3Well first of all-if he does or does not want to make that leap to be with you-you shouldnt hold on to the guy that you are not in love with just to be with someone. That is quite heartless. Second, if this second guy is in a love triangle with you, he has already jepordized his friendship with your current boyfriend. There is responsibility in that and if he cannot take his part in it, then he may not quite be that stand up guy you think he is. If you all are meant to be-it will happen. Time can be quite helpful in this situation as well.
4look it's cath: you are so right.
I also agree with kendalheart: don't hold on to a guy you know you don't go for anymore. it's unfair to him.
having said that: I do think that in time, the two of you could end up together if you're really meant to. But there's no way to rush this. Break up with your current bf, get over that. Then slowly see if the two of you can be more than friends. Perhaps you only like him now because you need an excuse to break up with your man, of because you do not want to be alone if you do. Good luck
5I'm sorry but he can't be "the greatest guy" if he's so good at lying to one of his best friends. And you can't possibly be a good girlfriend to either of them if you think cheating is alright. Take some time off from dating, and figure yourself out before you try to figure out any more relationship issues.
6I'm not sure if you're speaking in absolutes for dramatic emphasis, but I will say that I seriously doubt that this guy is “everything missing from your life and your current boyfriend.” I think you are seeing this guy through rose colored glasses since you know you can’t have him.
If you feel that there is a lot missing from your life and your relationship, you need to spend some time being single to sort those issues out, particularly the former and more important issue of what’s missing from your life.
7I think you should let your boyfriend go and if you and the 'friend' are meant to be you will work. The fact that the friend is with his buddies girlfriend should show how little he cares about his friends feelings...so you could win the battle after all. If your boyfriend finds out he will most likely kick his friend to the curb too.

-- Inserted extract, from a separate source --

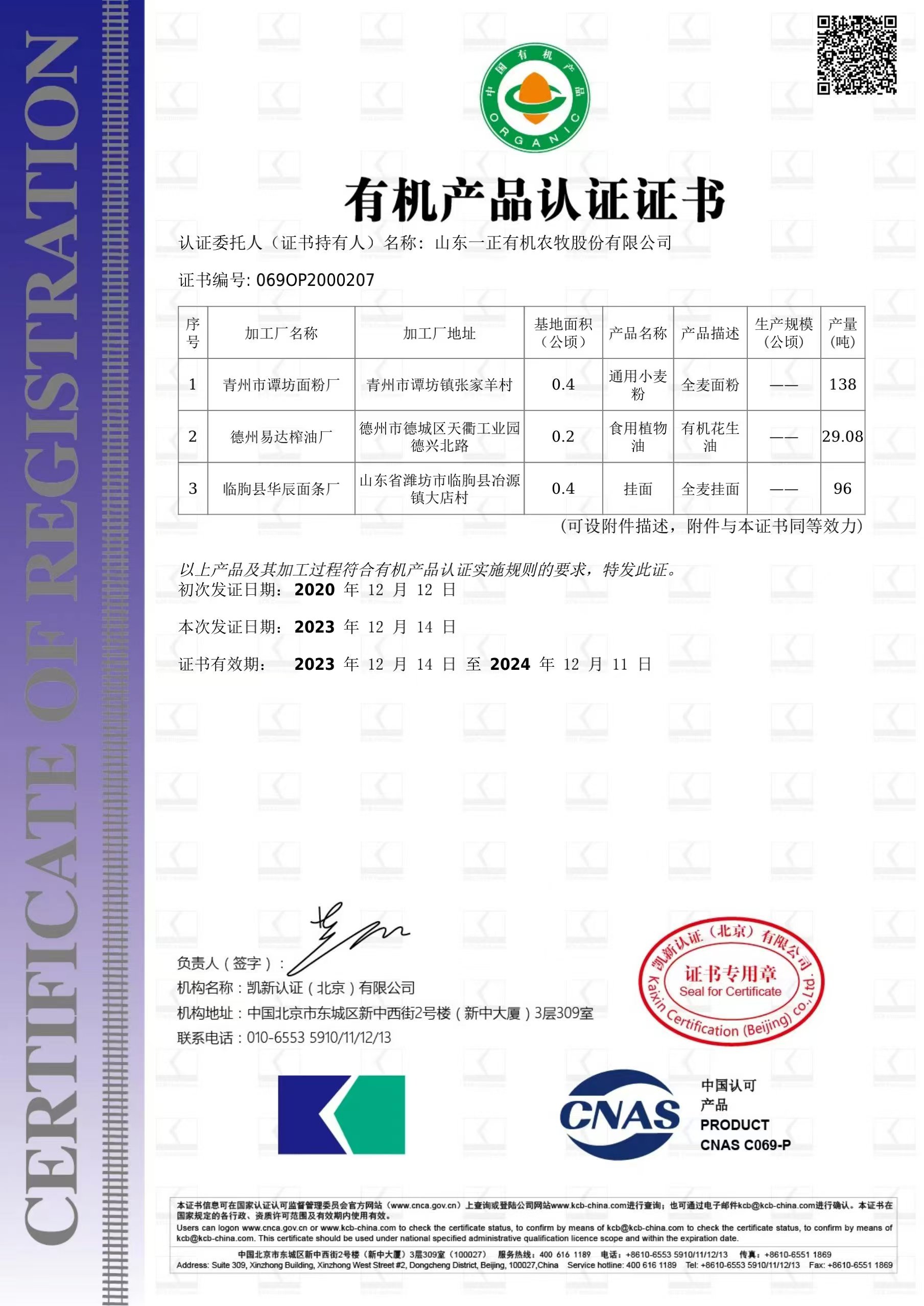 有机证书:
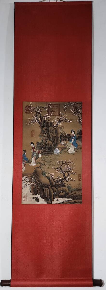 - 中国書画 掛け軸 中国・清時代 陳枚書「仕女図立軸」絹本立軸 書道巻物 真筆逸品 肉筆保証 唐物 古画 LOT-022311

I hope everything works out for you. Just remember "if it is meant to be, it will be."
8Wow. Well, firstly I feel really sorry for your boyfriend because he's got a girlfriend AND a friend who have been lying to him for a year. With friends like that, who needs enemies!
That being said - and it had to be said - life is short, and we sometimes fall for people who aren't optimally aligned in the strata that everyone likes to run their life. Meaning: We sometimes fall in love with people who being with will hurt other people. It happens.
If you and this guy really are it for each other, c'est la vie. Go for it. Finding that perfect partner is much harder than finding new friends. IF you are really THE one for each other.
The thing I can't get on board with is the lying for a year. What was the point of that? If you have any shred of decency at all, break up with your boyfriend. He deserves an honest relationship.
9Being a bystander it's easy for me to stay: Walk out without neither of them.